_PROBLEM DETAILS_
Using the entries that follow, transcribe only the lines from the line with "out or bite" to the line with "cca 1700 A karádi", both included, exactly as they stand and without pictures.

_THE DATA_
··········
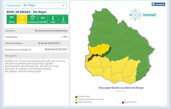 Si bien en principio la advertencia no incluía a Río Negro, sobre las 18:30hs se actualizó también para el departamento.
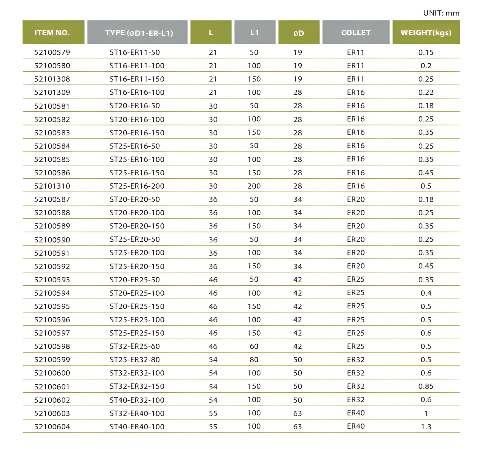 ST20 - ST25 - ST32 & ST42 Collets
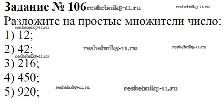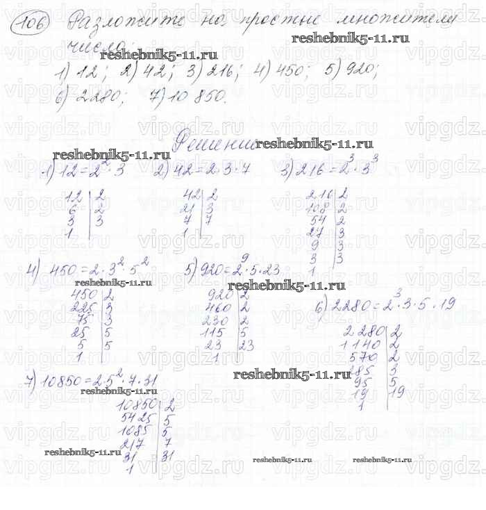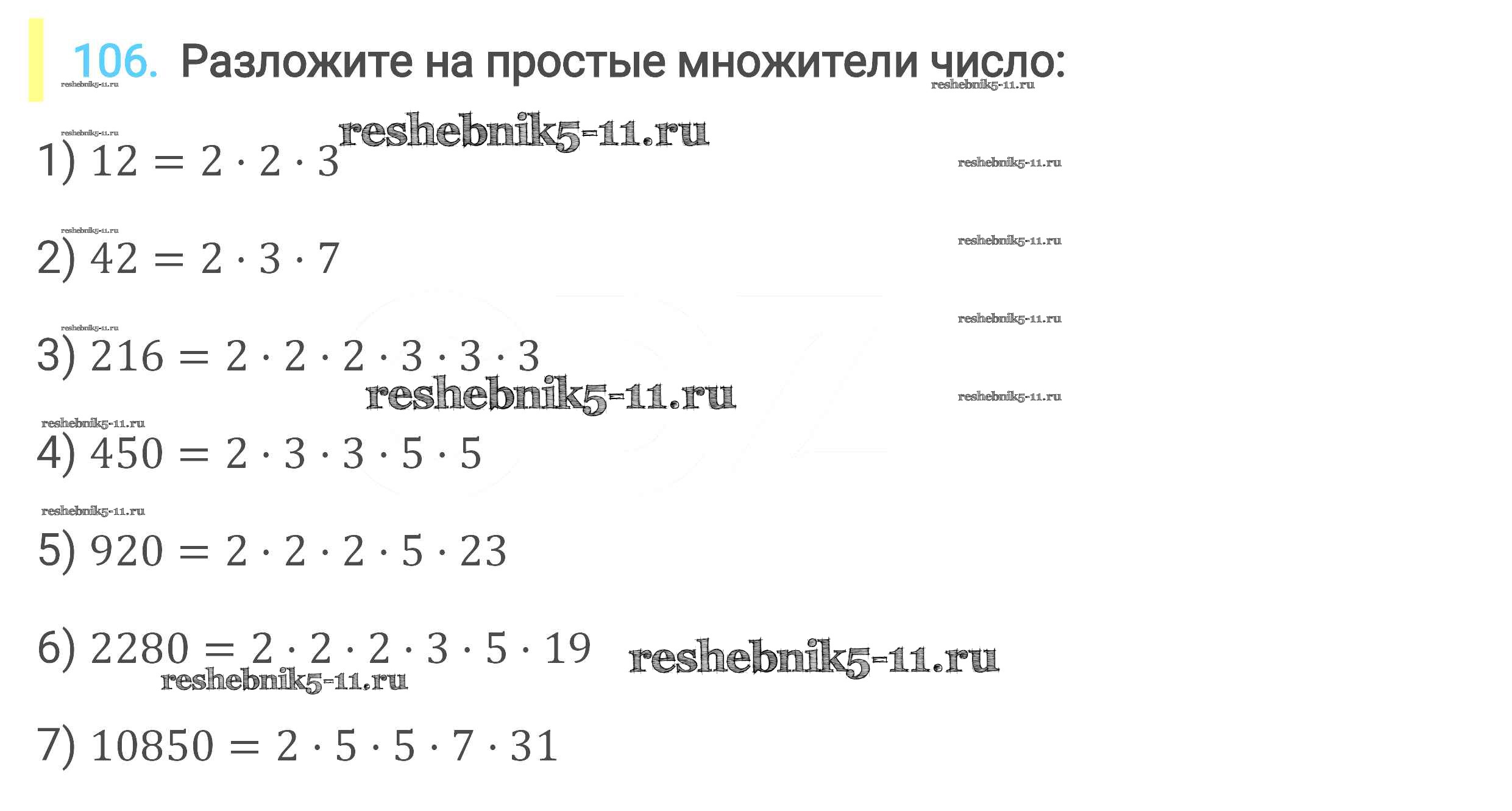 Готовая домашняя работа с ответами по Математике за 6 класс Мерзляк, Полонский, Якир Учебник Алгоритм успеха Вентана-граф 2016 ФГОС - Глава 1. Делимость натуральных чисел (упражнения) 106
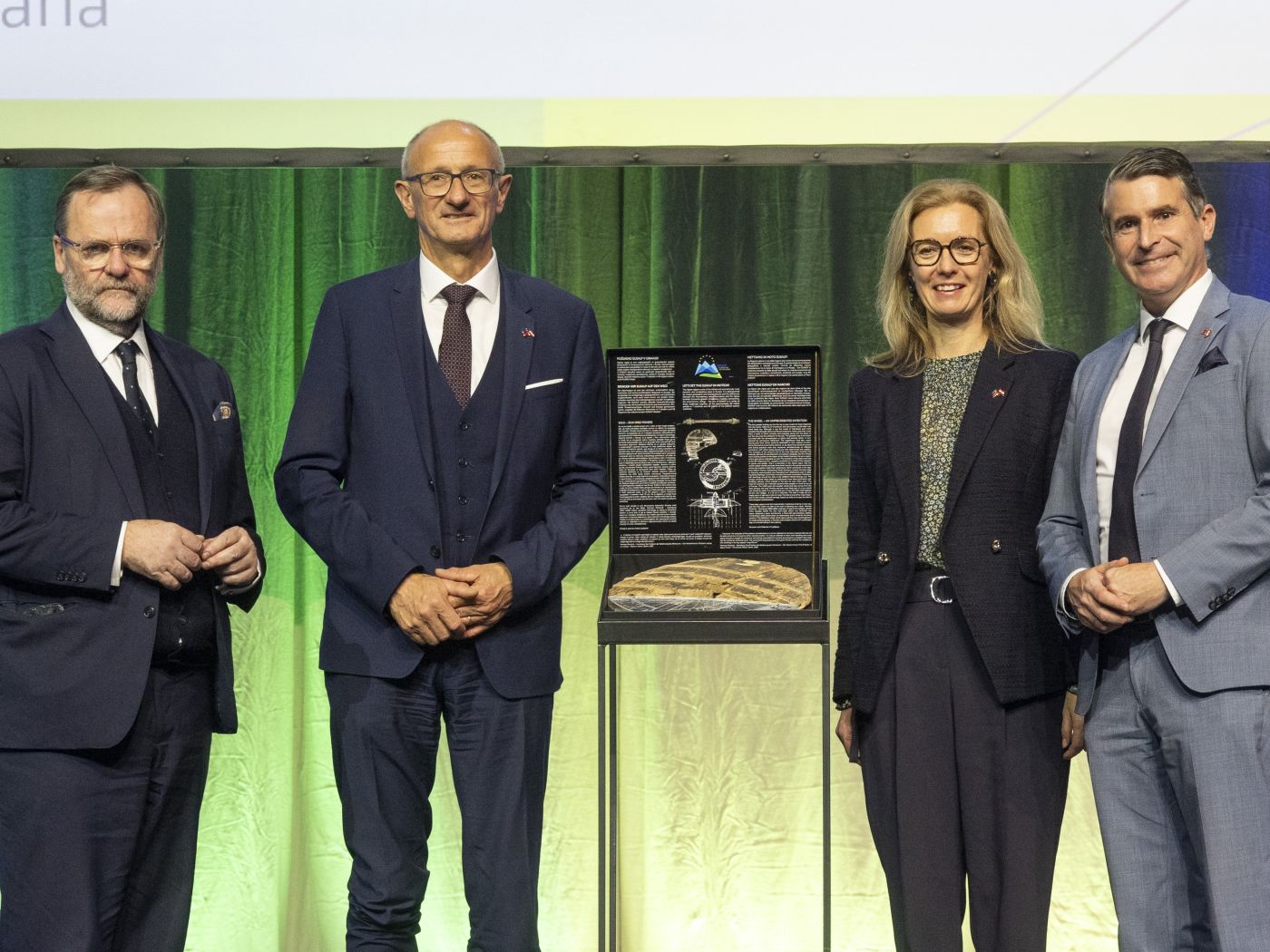 Die Übergabe des „Kolo Wheel“ symbolisiert den Wechsel des EUSALP-Vorsitzes von Österreich und Liechtenstein nach Bayern. Foto: Land Tirol/Die Fotografen
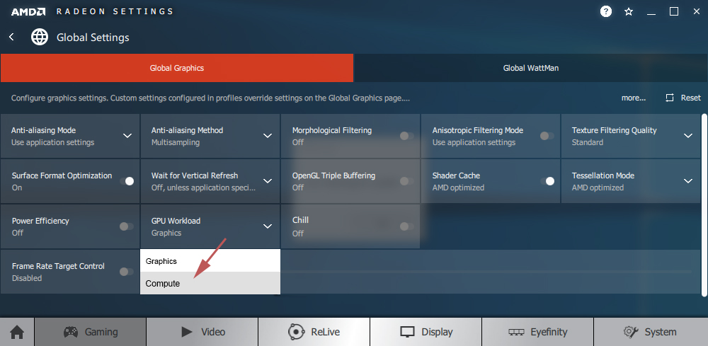 Use following setting to set optimized Blockchain compute performance inside the driver:
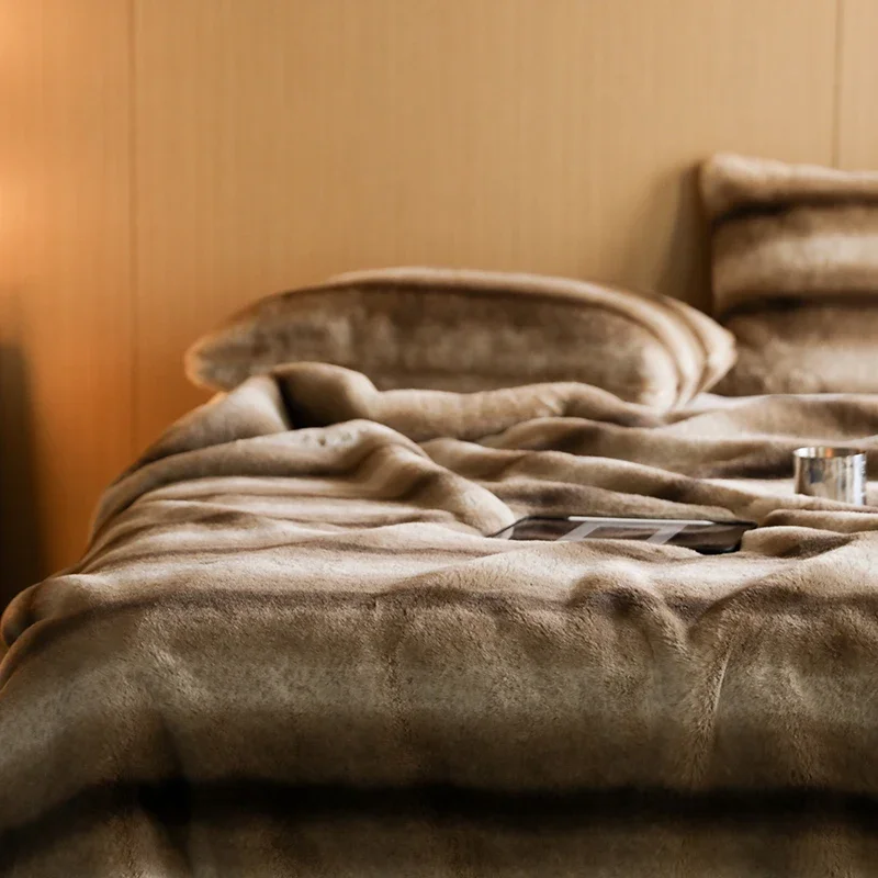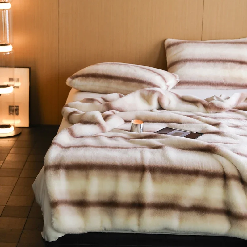 Créez une Ambiance Chaleureuse avec le Couvre-lit Polaire En Fausse Fourrure Beige Zèbre
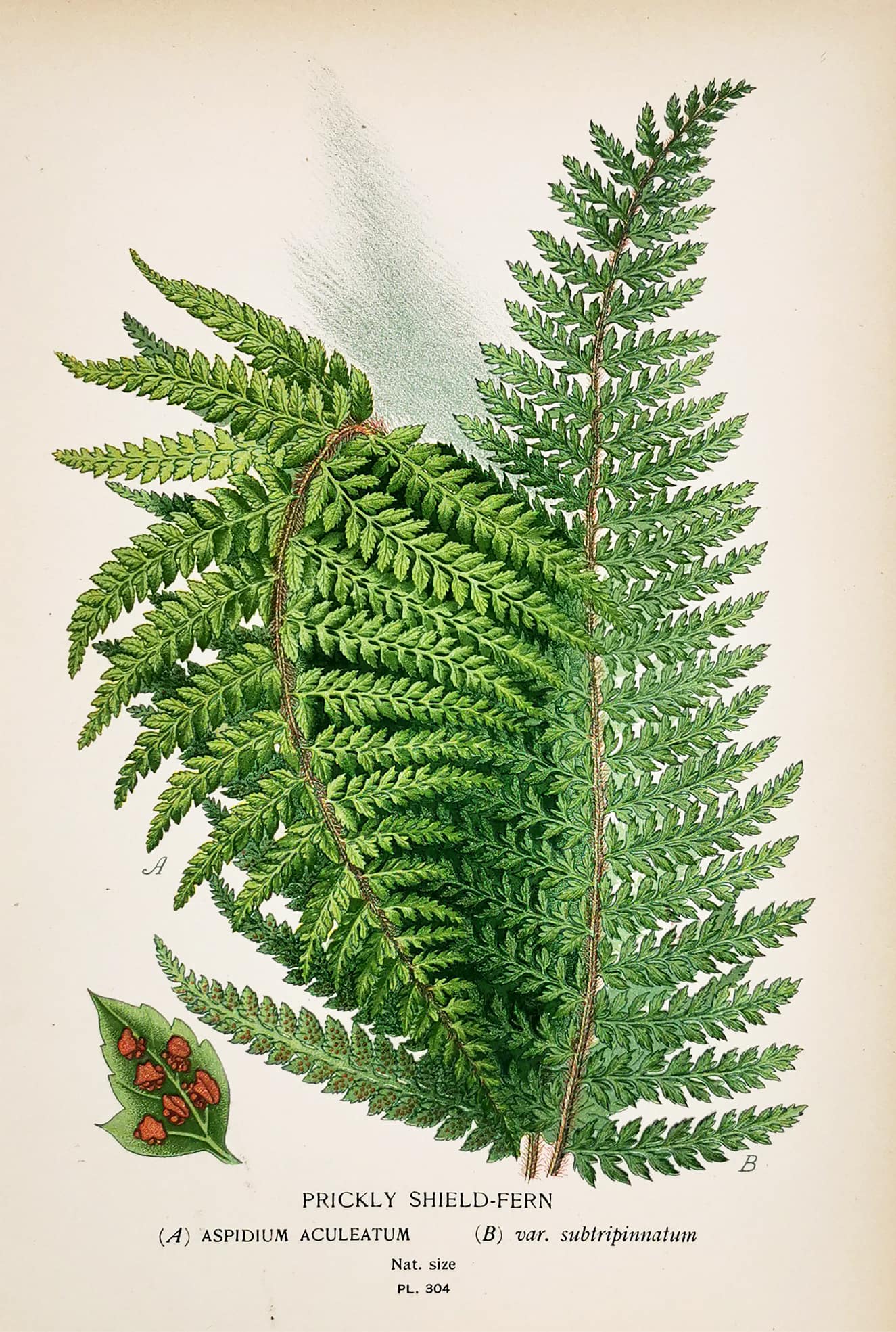 Engraving of the Prickly Shield-Fern. Fine botanical lithograph from Edward Step’s, Favourite Flowers of the Garden and Greenhouse.
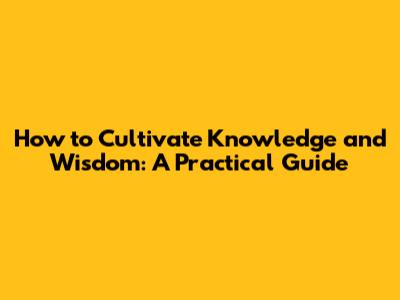 Cultivating Knowledge And Wisdom: A Practical Guide
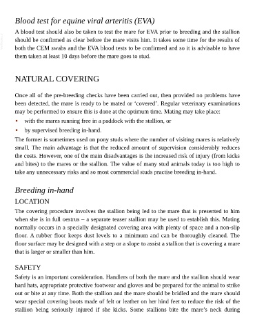 out or bite at any time. Both the stallion and the mare should be bridled and the mare should
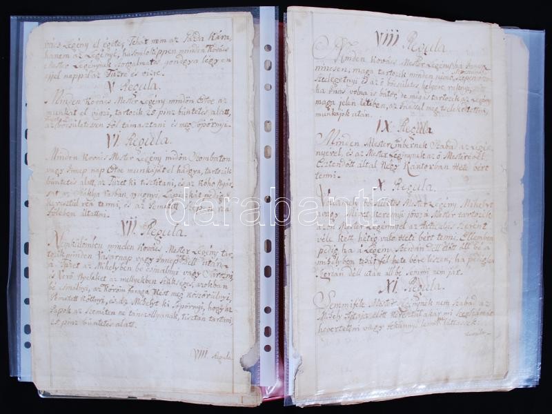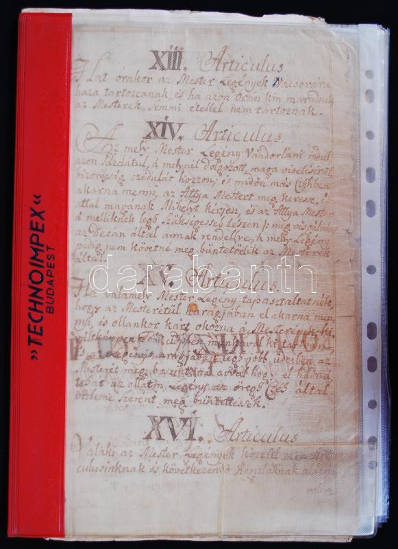 cca 1700 A karádi (Somogy megye) kovács, asztalos, lakatos és kerékgyártó céh szabályai magyar nyelven. Hiányosan, lapokban, végén viaszpecséttel 12 kézzel beírt oldal
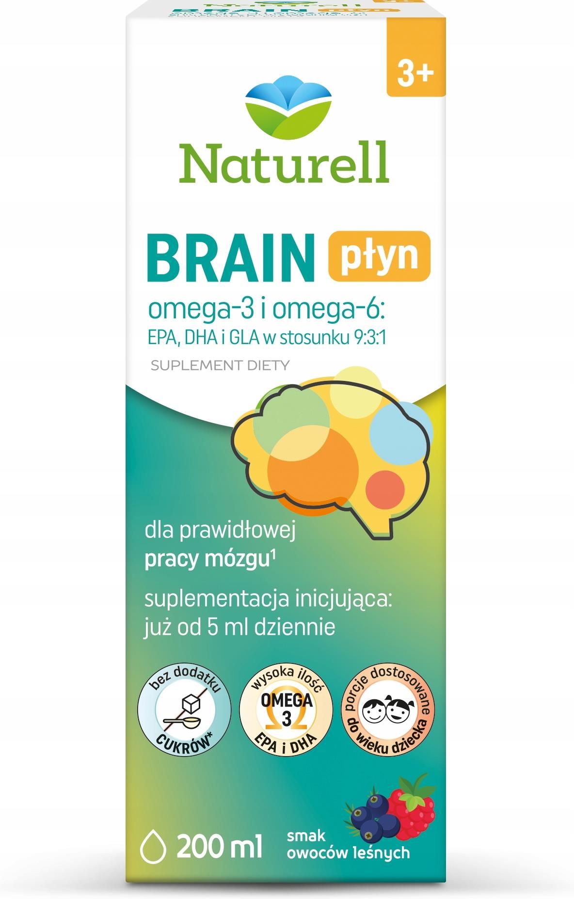 Usp Zdrowie Naturell Brain Płyn 3+ Smak Owoce Leśne 200 ml Naturell Brain płyn o smaku owoców leśnych to innowacyjny suplement diety wspierający prawidłowe funkcjonowanie mózgu. Produkt zawiera starannie dobrane składniki, które korzystnie wpływają na funkcje poznawcze i prawidłowe działanie układu nerwowego. Naturell Brain płyn 200 ml to doskonały wybór dla osób pragnących zadbać o lepszą sprawność umysłową w codziennym życiu. Stanowi również wsparcie dla dzieci. Ten płyn na pamięć i koncentrację sprzyja efektywnej nauce, pomagając dzieciom lepiej przyswajać wiedzę. Brain płyn jest odpowiedni dla dzieci powyżej 3. roku życia i osób dorosłych. Naturell Brain płyn zawiera wysoka ilość kwasów Omega-3: eikozapentaenowego (EPA) i dokozaheksaenowego (DHA) w połączeniu z kwasem Omega-6: gamma-linolenowym (GLA) w stosunku ilościowym odpowiednio 9:3:1. Źródłem kwasów Omega-3 w produkcie Naturell Brain płyn jest wysokiej jakości olej z mikroalg Schizochytrium sp. dostarczający DHA oraz olej z ryb (sardeli) zawierający DHA i EPA. GLA (kwas Omega-6) pochodzi z oleju z nasion czarnej porzeczki. Kwas dokozaheksaenowy (DHA) przyczynia się do utrzymania prawidłowego funkcjonowania mózgu (korzystne działanie występuje w przypadku spożywania 250mg DHA dziennie). Składniki olej rzepakowy, olej rybny (przeciwutleniacz: mieszanina tokoferoli) zawierający kwas eikozapentaenowy (EPA) i kwas dokozaheksaenowy (DHA), olej z nasion czarnej porzeczki (Ribes nigrum) zawierający kwas gamma-linolenowy (GLA), olej z mikroalg Schizochytrium sp. (przeciwutleniacze: mieszanina tokoferoli, estry kwasów tłuszczowych i kwasu askorbinowego) zawierający kwas dokozaheksaenowy (DHA), witamina E (D-alfa-tokoferol), naturalne aromaty. 3,33ml płynu zawiera: EPA 264mg, DHA 88mg, GLA 29,3mg, witamina E 8mg (67%)*. 5ml płynu zawiera: EPA 396mg, DHA 132mg, GLA 44mg, witamina E 12mg (100%)*. 6,67ml płynu zawiera: EPA 528mg, DHA 176mg, GLA 58,6mg, witamina E 16mg (133%)*. 8,33ml płynu zawiera: EPA 660mg, DHA 220mg, GLA 73,3mg, witamina E 20mg (167%)*. *RWS - Referencyjna wartość spożycia Zalecane spożycie Dzieci 3-5 lat: suplementacja inicjująca (przez pierwsze 3 miesiące stosowania): 5ml.  Dzieci 6-7 lat: suplementacja inicjująca (przez pierwsze 3 miesiące stosowania): 6,67ml. Dzieci od 8 roku życia i dorośli: suplementacja inicjująca (przez pierwsze 3 miesiące stosowania): 8,33ml. Suplementacja podtrzymująca (po 3 miesiącach od rozpoczęcia stosowania): bez względu na wiek: 3,33ml lub 5ml. Opakowanie 200ml Suplementy diety nie mogą być stosowane jako substytut (zamiennik) zróżnicowanej diety ani zdrowego trybu życia. Nie należy przekraczać zalecanej porcji produktu do spożycia w ciągu dnia. Suplementy diety powinny być przechowywane w sposób niedostępny dla małych dzieci. Przed zastosowaniem produktu sugerujemy zapoznanie się z dokładnymi informacjami podanymi na opakowaniu lub załączonej ulotce.
··········
_YOUR SOLUTION_
 out or bite at any time. Both the stallion and the mare should be bridled and the mare should
 cca 1700 A karádi (Somogy megye) kovács, asztalos, lakatos és kerékgyártó céh szabályai magyar nyelven. Hiányosan, lapokban, végén viaszpecséttel 12 kézzel beírt oldal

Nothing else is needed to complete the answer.